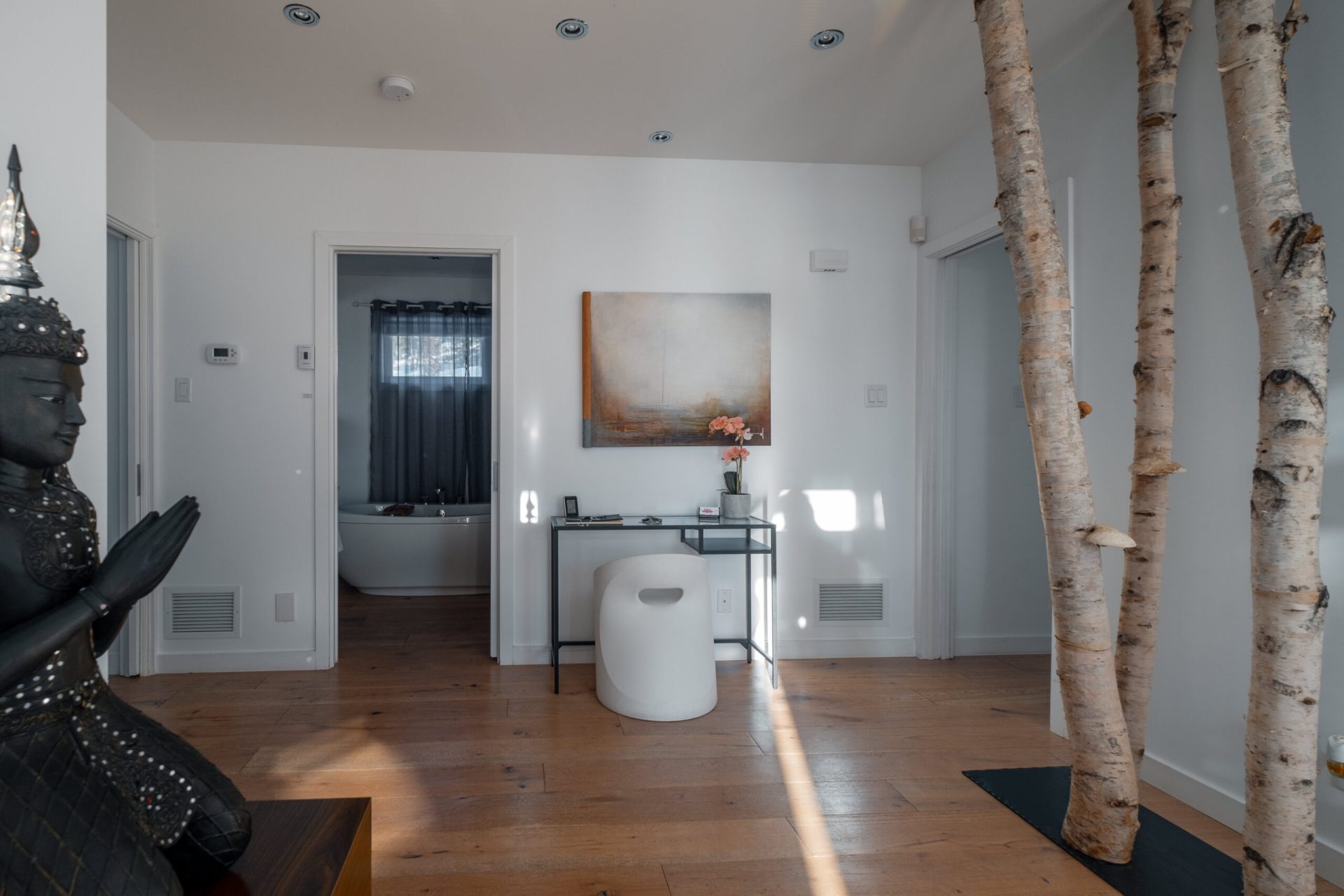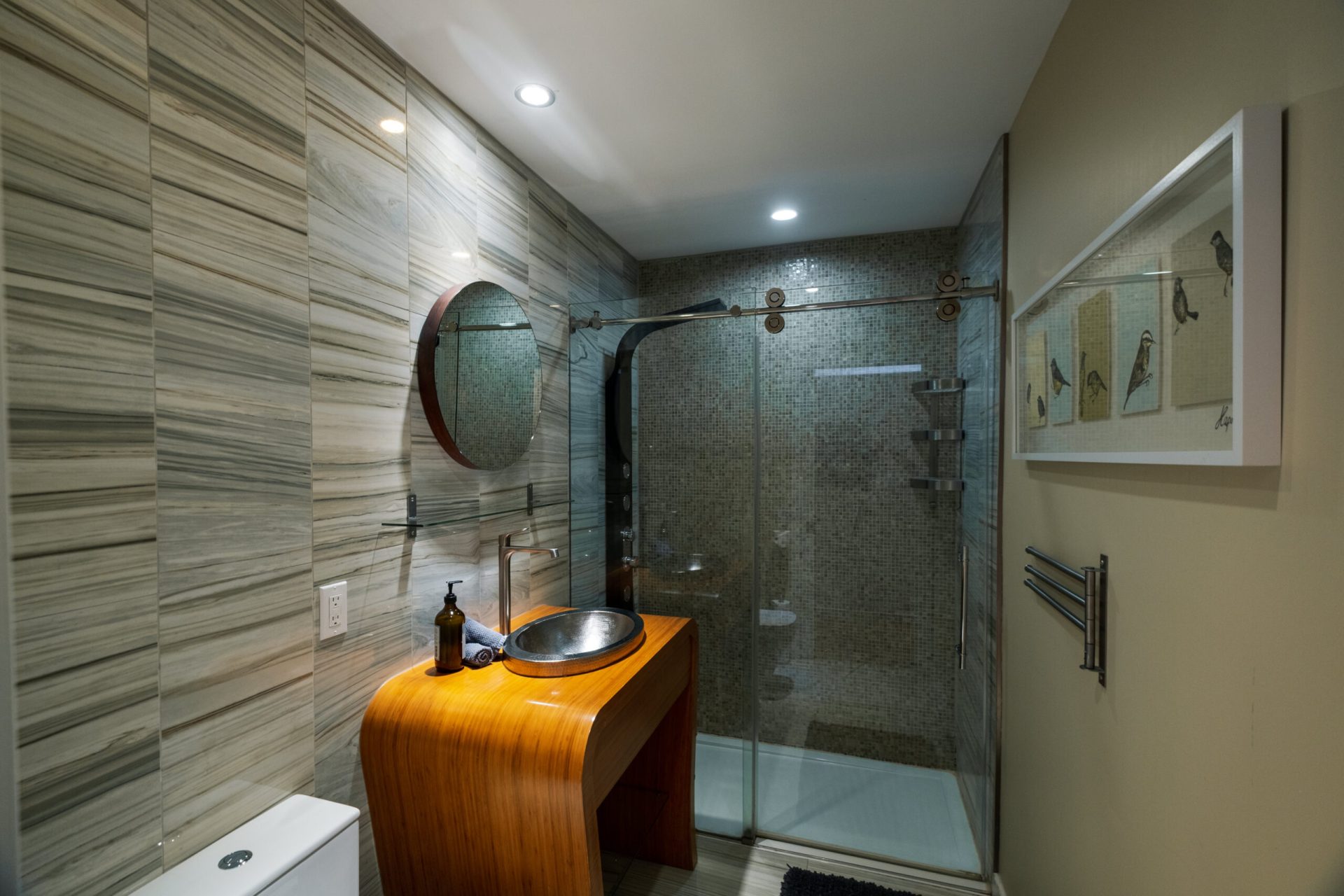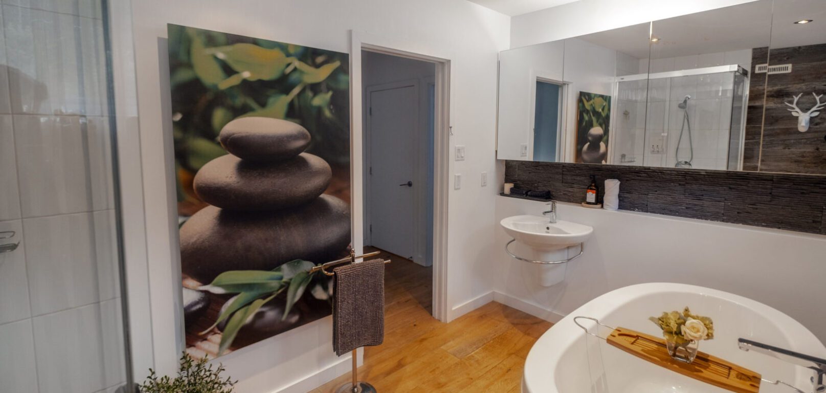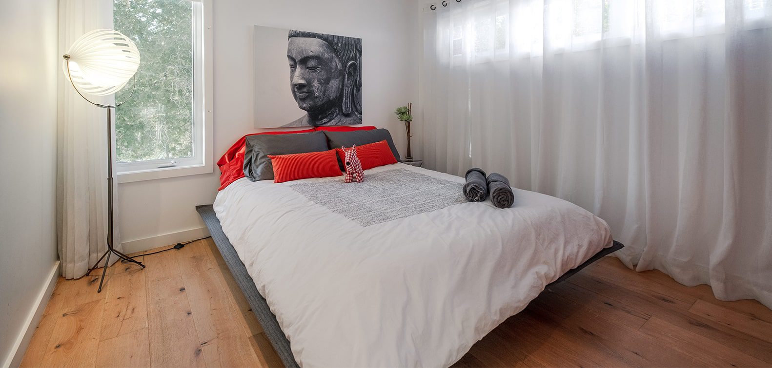 Au niveau rez-de-jardin, vous trouverez deux chambres spacieuses équipées de matelas et de literie qualité hôtel (1 chambre avec lit King + 1 chambre avec lit Queen) et une salle de bain avec douche en verre. Au fond du couloir, une salle de cinéma maison avec écran 60 », système de son et Blu-Ray/DVD à disposition sera parfaite pour les longues soirées d’hiver. Notez que le chalet dispose d’un deuxième frigo au sous-sol, de deux lits (parcs) pour bébés et de 2 réhausseurs de siège. Un espace buanderie avec laveuse et sécheuse est disponible au niveau rez-de-jardin.
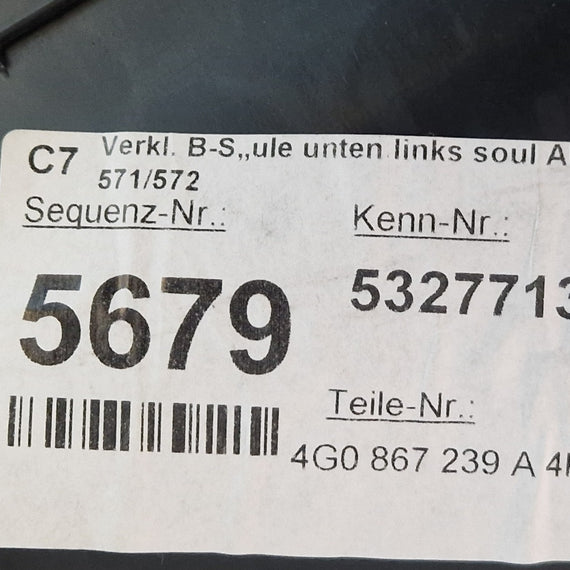 12-18 AUDI A6 C7 B PILLAR COLUMN INTERIOR TRIM LOWER PANEL LEFT N/S 4G0867239A
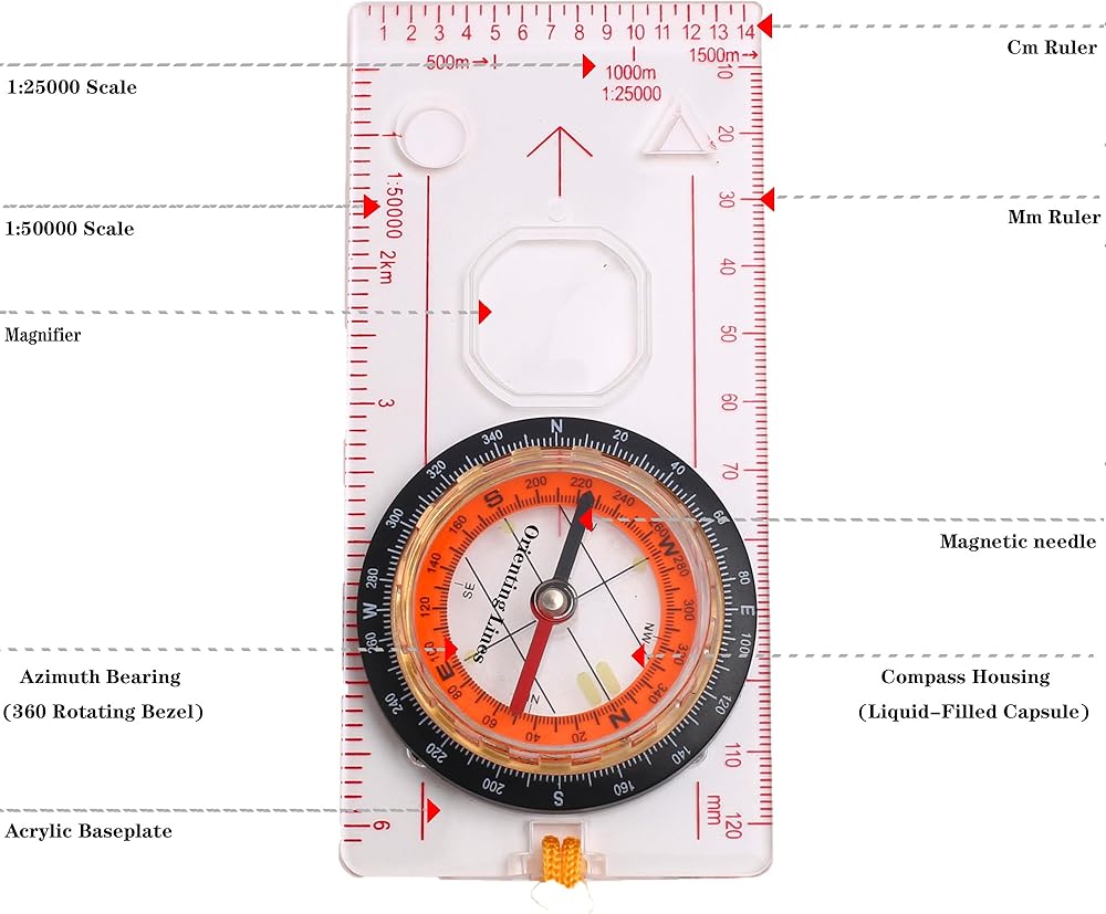 🧭[Versatile Orienteering Compass] The compass hiking survival is designed for outdoor use and consists of an acrylic base plate, an azimuth bearing and a 360-degree rotating bezel. The magnetic needle inside a liquid-filled capsule (bubble-free) swings freely and fast and points you exactly north. Equipped with a magnifying glass to facilitate reading and navigating geological maps. You can also use the 1:24000 compass Ruler Scale of the compass to draw precise routes.

***

WHAT THE EXERCISE ASKS: Would you output the data exactly, without any of its images?

EXERCISE ANSWER:
 Au niveau rez-de-jardin, vous trouverez deux chambres spacieuses équipées de matelas et de literie qualité hôtel (1 chambre avec lit King + 1 chambre avec lit Queen) et une salle de bain avec douche en verre. Au fond du couloir, une salle de cinéma maison avec écran 60 », système de son et Blu-Ray/DVD à disposition sera parfaite pour les longues soirées d’hiver. Notez que le chalet dispose d’un deuxième frigo au sous-sol, de deux lits (parcs) pour bébés et de 2 réhausseurs de siège. Un espace buanderie avec laveuse et sécheuse est disponible au niveau rez-de-jardin.
 12-18 AUDI A6 C7 B PILLAR COLUMN INTERIOR TRIM LOWER PANEL LEFT N/S 4G0867239A
 🧭[Versatile Orienteering Compass] The compass hiking survival is designed for outdoor use and consists of an acrylic base plate, an azimuth bearing and a 360-degree rotating bezel. The magnetic needle inside a liquid-filled capsule (bubble-free) swings freely and fast and points you exactly north. Equipped with a magnifying glass to facilitate reading and navigating geological maps. You can also use the 1:24000 compass Ruler Scale of the compass to draw precise routes.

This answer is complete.